-- TASK TO COMPLETE --
Reproduce the records precisely. Omit every picture.

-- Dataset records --
....

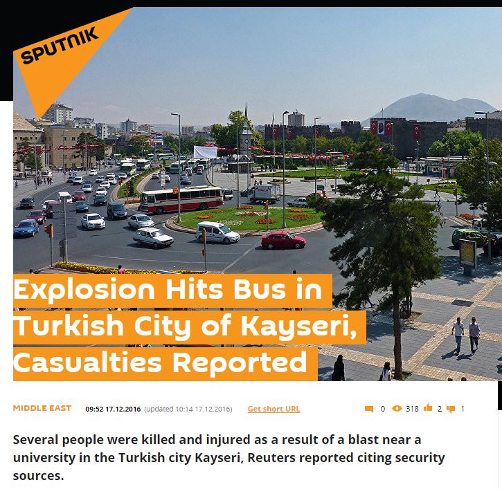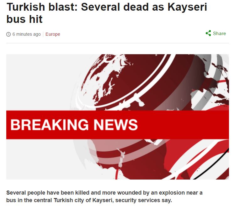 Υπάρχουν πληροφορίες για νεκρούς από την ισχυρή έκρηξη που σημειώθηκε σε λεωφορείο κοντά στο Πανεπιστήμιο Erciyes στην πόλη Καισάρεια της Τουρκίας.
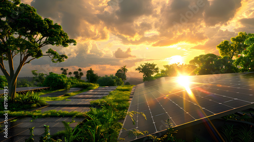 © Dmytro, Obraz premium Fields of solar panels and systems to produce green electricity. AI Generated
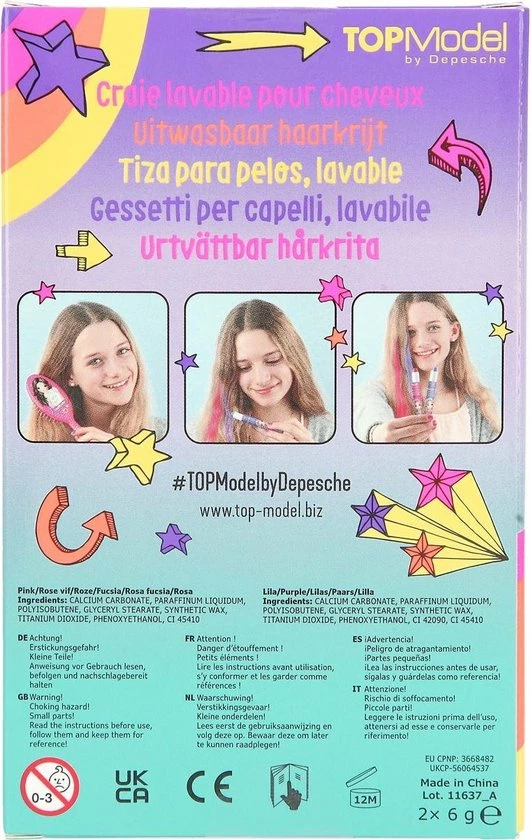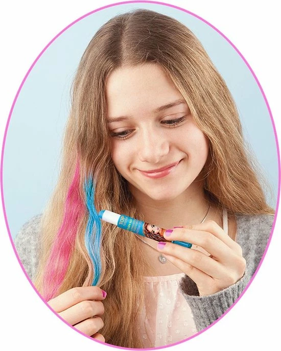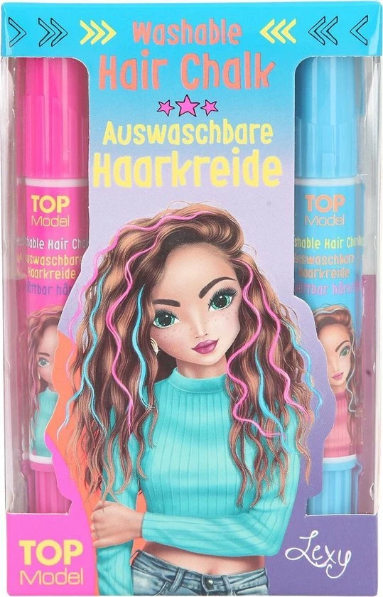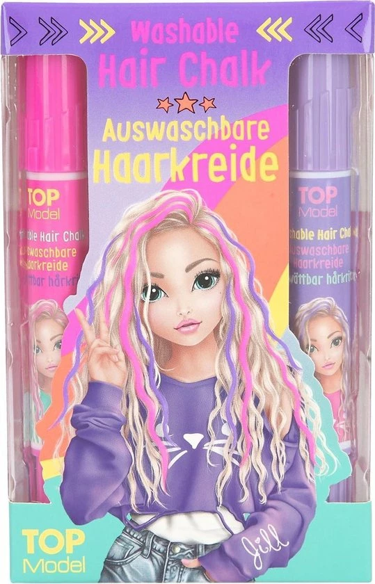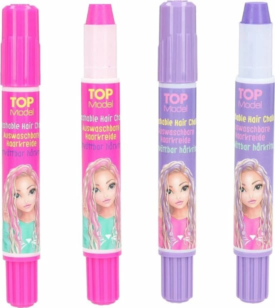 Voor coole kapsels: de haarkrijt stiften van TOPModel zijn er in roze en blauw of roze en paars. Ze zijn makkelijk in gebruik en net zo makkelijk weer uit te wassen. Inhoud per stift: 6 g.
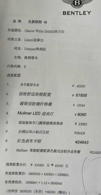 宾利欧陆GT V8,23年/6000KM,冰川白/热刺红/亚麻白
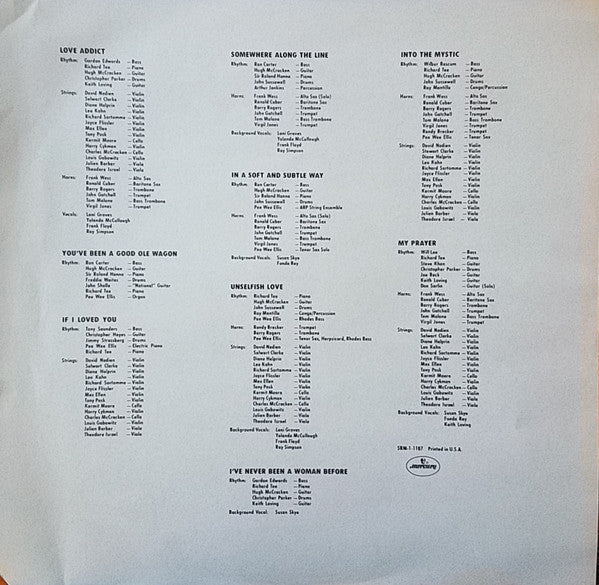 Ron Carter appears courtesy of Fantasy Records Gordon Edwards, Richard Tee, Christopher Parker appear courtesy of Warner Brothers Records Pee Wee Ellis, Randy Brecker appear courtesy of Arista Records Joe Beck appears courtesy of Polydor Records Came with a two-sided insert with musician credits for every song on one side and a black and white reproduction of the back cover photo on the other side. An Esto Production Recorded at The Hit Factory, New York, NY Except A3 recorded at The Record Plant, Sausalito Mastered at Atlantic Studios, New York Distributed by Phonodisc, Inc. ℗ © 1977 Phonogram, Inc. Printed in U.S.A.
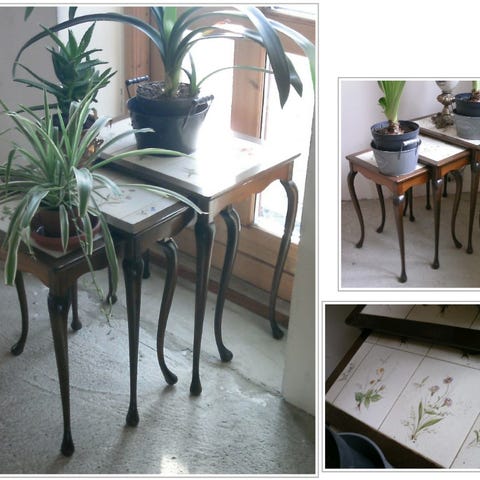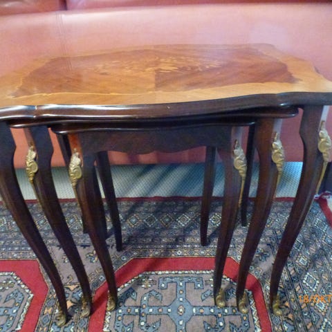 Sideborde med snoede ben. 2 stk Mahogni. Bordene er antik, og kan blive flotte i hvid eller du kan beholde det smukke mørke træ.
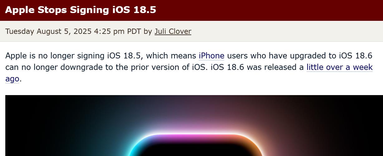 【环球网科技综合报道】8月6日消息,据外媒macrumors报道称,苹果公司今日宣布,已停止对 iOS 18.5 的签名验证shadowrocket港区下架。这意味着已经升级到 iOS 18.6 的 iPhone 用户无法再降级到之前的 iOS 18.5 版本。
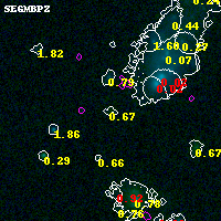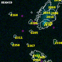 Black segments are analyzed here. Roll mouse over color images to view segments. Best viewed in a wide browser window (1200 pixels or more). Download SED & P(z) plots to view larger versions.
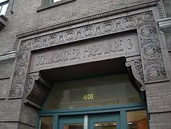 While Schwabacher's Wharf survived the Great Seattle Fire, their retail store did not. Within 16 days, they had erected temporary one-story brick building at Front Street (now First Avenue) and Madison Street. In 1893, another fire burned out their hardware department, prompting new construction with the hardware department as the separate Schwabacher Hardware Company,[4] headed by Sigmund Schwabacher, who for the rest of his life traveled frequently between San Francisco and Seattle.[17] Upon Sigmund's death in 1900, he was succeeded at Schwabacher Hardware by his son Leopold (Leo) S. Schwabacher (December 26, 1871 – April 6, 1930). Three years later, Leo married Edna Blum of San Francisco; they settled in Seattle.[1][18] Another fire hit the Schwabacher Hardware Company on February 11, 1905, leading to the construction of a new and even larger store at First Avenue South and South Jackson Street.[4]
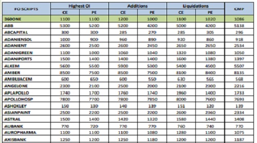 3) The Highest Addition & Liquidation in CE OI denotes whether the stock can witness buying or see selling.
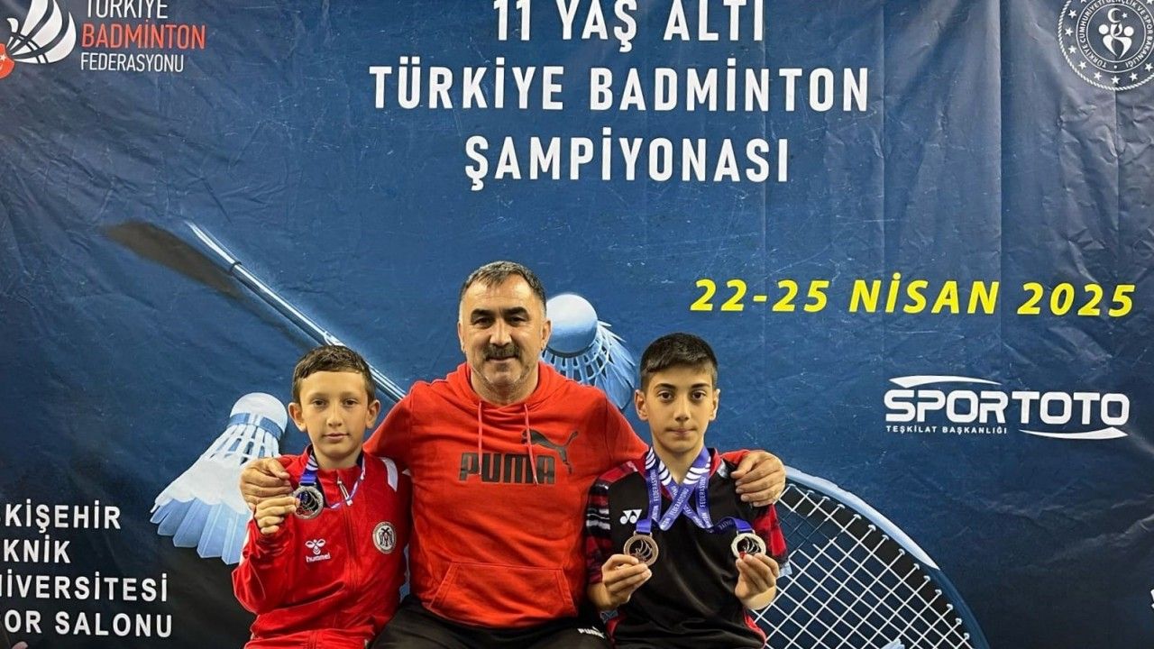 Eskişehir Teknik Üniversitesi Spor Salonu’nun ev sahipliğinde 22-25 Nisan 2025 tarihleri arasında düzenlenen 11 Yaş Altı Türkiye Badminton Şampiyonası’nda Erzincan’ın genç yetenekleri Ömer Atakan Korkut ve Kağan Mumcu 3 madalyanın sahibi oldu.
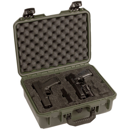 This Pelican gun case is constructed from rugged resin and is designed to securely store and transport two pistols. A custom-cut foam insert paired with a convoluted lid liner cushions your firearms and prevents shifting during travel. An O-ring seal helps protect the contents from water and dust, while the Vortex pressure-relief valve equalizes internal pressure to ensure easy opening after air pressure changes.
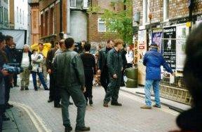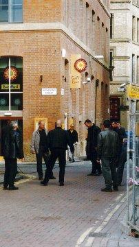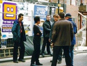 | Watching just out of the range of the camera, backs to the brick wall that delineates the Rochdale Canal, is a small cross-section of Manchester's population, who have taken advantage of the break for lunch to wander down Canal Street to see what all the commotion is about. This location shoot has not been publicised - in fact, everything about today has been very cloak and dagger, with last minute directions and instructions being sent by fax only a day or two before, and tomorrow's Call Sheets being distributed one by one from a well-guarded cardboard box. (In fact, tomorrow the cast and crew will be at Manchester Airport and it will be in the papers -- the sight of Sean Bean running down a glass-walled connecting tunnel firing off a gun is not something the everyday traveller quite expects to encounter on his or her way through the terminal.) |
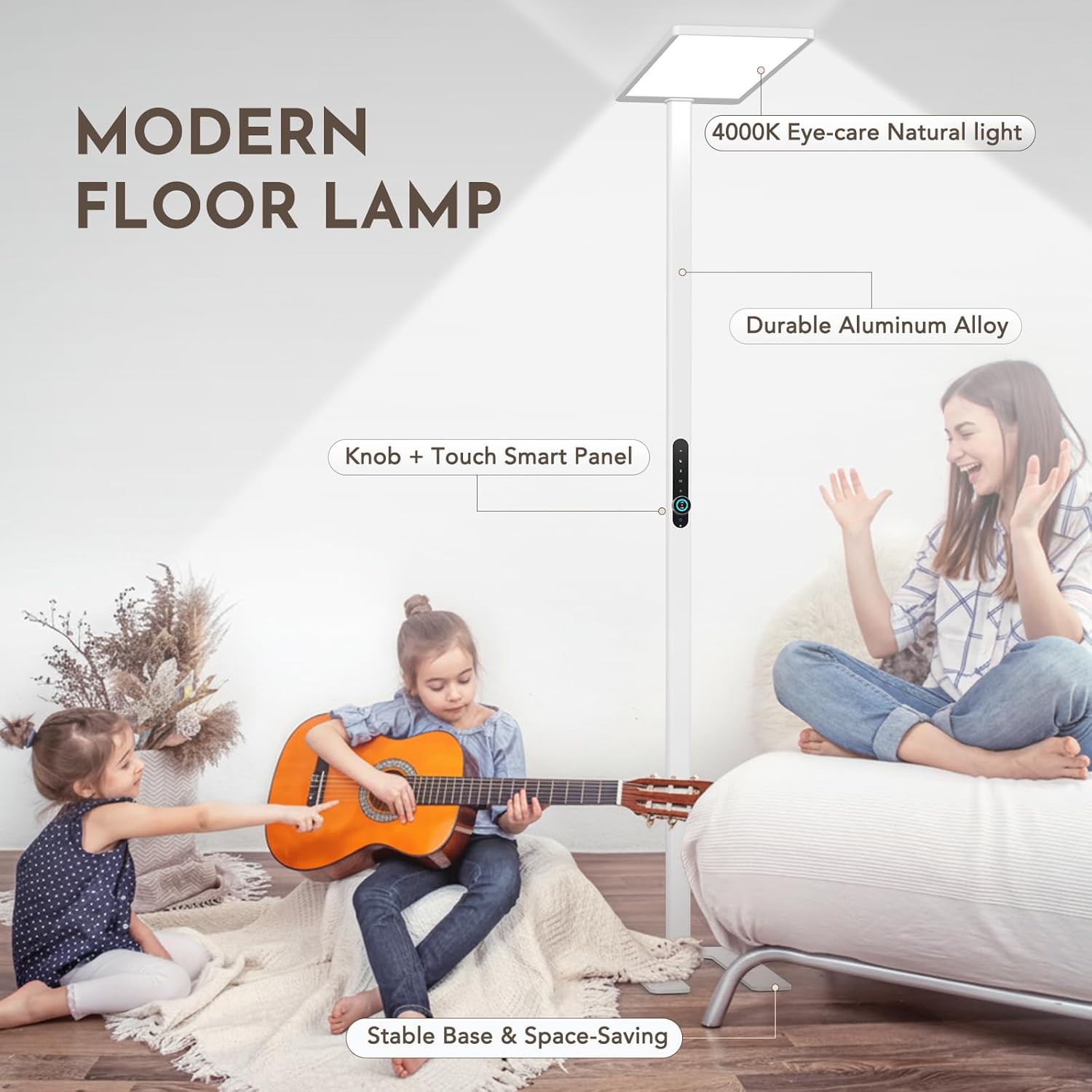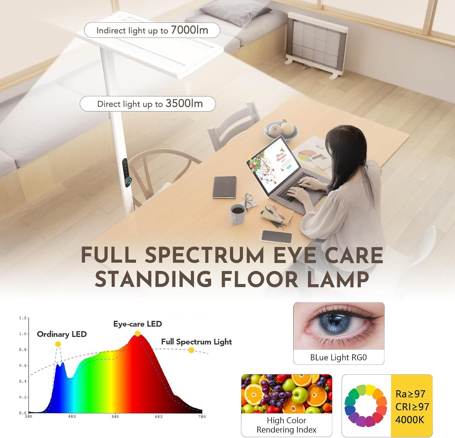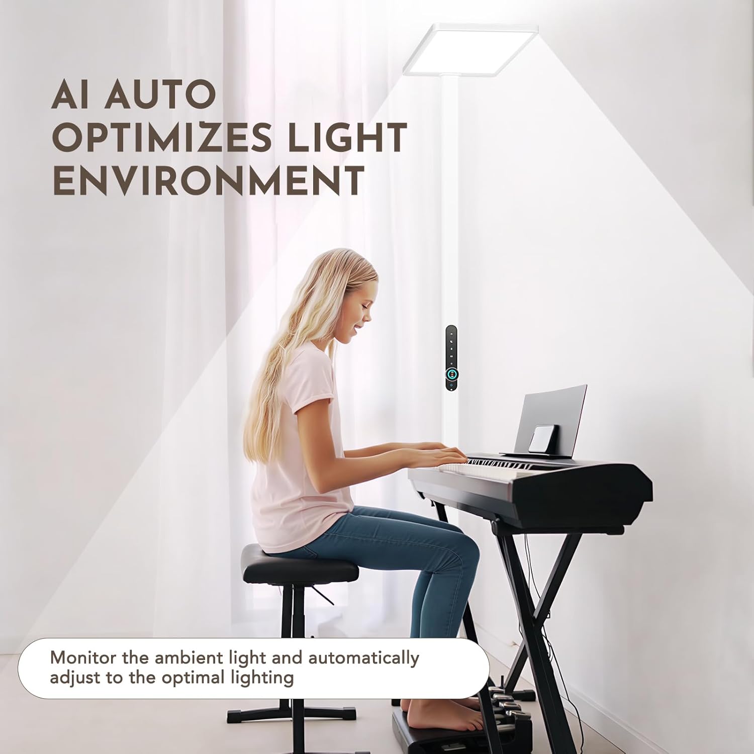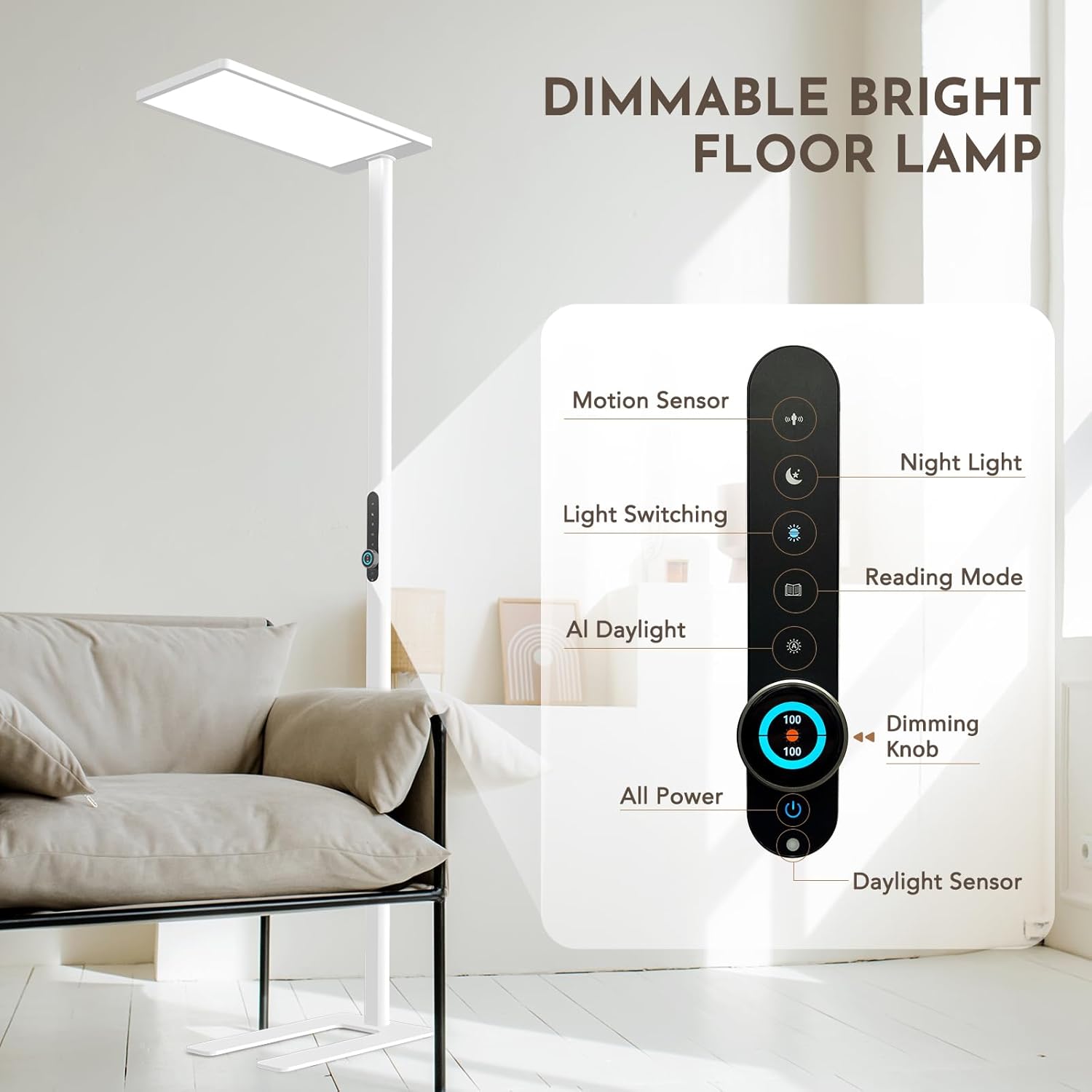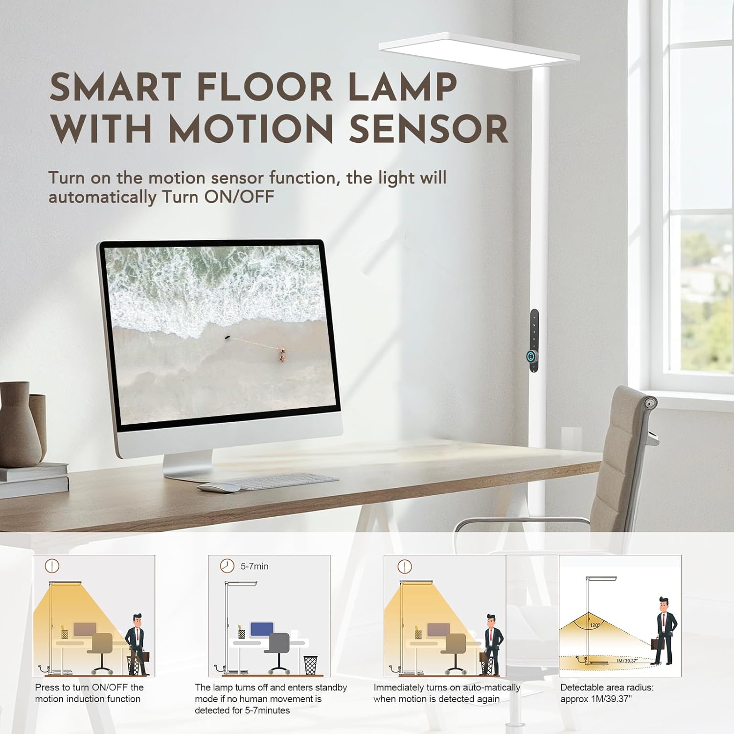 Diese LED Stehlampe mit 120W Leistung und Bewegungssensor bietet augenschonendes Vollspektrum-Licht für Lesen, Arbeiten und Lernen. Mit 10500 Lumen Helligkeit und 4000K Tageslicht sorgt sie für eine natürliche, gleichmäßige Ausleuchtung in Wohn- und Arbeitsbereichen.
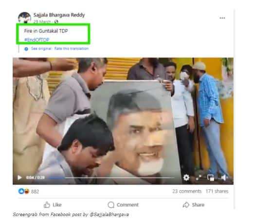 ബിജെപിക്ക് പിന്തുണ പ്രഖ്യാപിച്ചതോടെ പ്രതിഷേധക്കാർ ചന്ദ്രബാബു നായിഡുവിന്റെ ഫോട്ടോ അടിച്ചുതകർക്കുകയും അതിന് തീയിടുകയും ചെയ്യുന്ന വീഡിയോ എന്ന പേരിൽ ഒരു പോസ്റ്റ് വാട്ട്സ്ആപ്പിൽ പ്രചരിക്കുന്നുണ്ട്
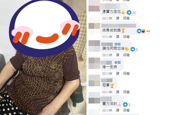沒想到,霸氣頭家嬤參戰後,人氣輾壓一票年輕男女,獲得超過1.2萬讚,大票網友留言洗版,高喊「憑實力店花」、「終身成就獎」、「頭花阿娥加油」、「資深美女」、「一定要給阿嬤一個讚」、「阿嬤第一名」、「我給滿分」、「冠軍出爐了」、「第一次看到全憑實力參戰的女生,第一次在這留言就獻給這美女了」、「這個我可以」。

....

-- TASK SOLUTION --
 Υπάρχουν πληροφορίες για νεκρούς από την ισχυρή έκρηξη που σημειώθηκε σε λεωφορείο κοντά στο Πανεπιστήμιο Erciyes στην πόλη Καισάρεια της Τουρκίας.
 © Dmytro, Obraz premium Fields of solar panels and systems to produce green electricity. AI Generated
 Voor coole kapsels: de haarkrijt stiften van TOPModel zijn er in roze en blauw of roze en paars. Ze zijn makkelijk in gebruik en net zo makkelijk weer uit te wassen. Inhoud per stift: 6 g.
 宾利欧陆GT V8,23年/6000KM,冰川白/热刺红/亚麻白
 Ron Carter appears courtesy of Fantasy Records Gordon Edwards, Richard Tee, Christopher Parker appear courtesy of Warner Brothers Records Pee Wee Ellis, Randy Brecker appear courtesy of Arista Records Joe Beck appears courtesy of Polydor Records Came with a two-sided insert with musician credits for every song on one side and a black and white reproduction of the back cover photo on the other side. An Esto Production Recorded at The Hit Factory, New York, NY Except A3 recorded at The Record Plant, Sausalito Mastered at Atlantic Studios, New York Distributed by Phonodisc, Inc. ℗ © 1977 Phonogram, Inc. Printed in U.S.A.
 Sideborde med snoede ben. 2 stk Mahogni. Bordene er antik, og kan blive flotte i hvid eller du kan beholde det smukke mørke træ.
 【环球网科技综合报道】8月6日消息,据外媒macrumors报道称,苹果公司今日宣布,已停止对 iOS 18.5 的签名验证shadowrocket港区下架。这意味着已经升级到 iOS 18.6 的 iPhone 用户无法再降级到之前的 iOS 18.5 版本。
 Black segments are analyzed here. Roll mouse over color images to view segments. Best viewed in a wide browser window (1200 pixels or more). Download SED & P(z) plots to view larger versions.
 While Schwabacher's Wharf survived the Great Seattle Fire, their retail store did not. Within 16 days, they had erected temporary one-story brick building at Front Street (now First Avenue) and Madison Street. In 1893, another fire burned out their hardware department, prompting new construction with the hardware department as the separate Schwabacher Hardware Company,[4] headed by Sigmund Schwabacher, who for the rest of his life traveled frequently between San Francisco and Seattle.[17] Upon Sigmund's death in 1900, he was succeeded at Schwabacher Hardware by his son Leopold (Leo) S. Schwabacher (December 26, 1871 – April 6, 1930). Three years later, Leo married Edna Blum of San Francisco; they settled in Seattle.[1][18] Another fire hit the Schwabacher Hardware Company on February 11, 1905, leading to the construction of a new and even larger store at First Avenue South and South Jackson Street.[4]
 3) The Highest Addition & Liquidation in CE OI denotes whether the stock can witness buying or see selling.
 Eskişehir Teknik Üniversitesi Spor Salonu’nun ev sahipliğinde 22-25 Nisan 2025 tarihleri arasında düzenlenen 11 Yaş Altı Türkiye Badminton Şampiyonası’nda Erzincan’ın genç yetenekleri Ömer Atakan Korkut ve Kağan Mumcu 3 madalyanın sahibi oldu.
 This Pelican gun case is constructed from rugged resin and is designed to securely store and transport two pistols. A custom-cut foam insert paired with a convoluted lid liner cushions your firearms and prevents shifting during travel. An O-ring seal helps protect the contents from water and dust, while the Vortex pressure-relief valve equalizes internal pressure to ensure easy opening after air pressure changes.
 | Watching just out of the range of the camera, backs to the brick wall that delineates the Rochdale Canal, is a small cross-section of Manchester's population, who have taken advantage of the break for lunch to wander down Canal Street to see what all the commotion is about. This location shoot has not been publicised - in fact, everything about today has been very cloak and dagger, with last minute directions and instructions being sent by fax only a day or two before, and tomorrow's Call Sheets being distributed one by one from a well-guarded cardboard box. (In fact, tomorrow the cast and crew will be at Manchester Airport and it will be in the papers -- the sight of Sean Bean running down a glass-walled connecting tunnel firing off a gun is not something the everyday traveller quite expects to encounter on his or her way through the terminal.) |
 Diese LED Stehlampe mit 120W Leistung und Bewegungssensor bietet augenschonendes Vollspektrum-Licht für Lesen, Arbeiten und Lernen. Mit 10500 Lumen Helligkeit und 4000K Tageslicht sorgt sie für eine natürliche, gleichmäßige Ausleuchtung in Wohn- und Arbeitsbereichen.
 ബിജെപിക്ക് പിന്തുണ പ്രഖ്യാപിച്ചതോടെ പ്രതിഷേധക്കാർ ചന്ദ്രബാബു നായിഡുവിന്റെ ഫോട്ടോ അടിച്ചുതകർക്കുകയും അതിന് തീയിടുകയും ചെയ്യുന്ന വീഡിയോ എന്ന പേരിൽ ഒരു പോസ്റ്റ് വാട്ട്സ്ആപ്പിൽ പ്രചരിക്കുന്നുണ്ട്
沒想到,霸氣頭家嬤參戰後,人氣輾壓一票年輕男女,獲得超過1.2萬讚,大票網友留言洗版,高喊「憑實力店花」、「終身成就獎」、「頭花阿娥加油」、「資深美女」、「一定要給阿嬤一個讚」、「阿嬤第一名」、「我給滿分」、「冠軍出爐了」、「第一次看到全憑實力參戰的女生,第一次在這留言就獻給這美女了」、「這個我可以」。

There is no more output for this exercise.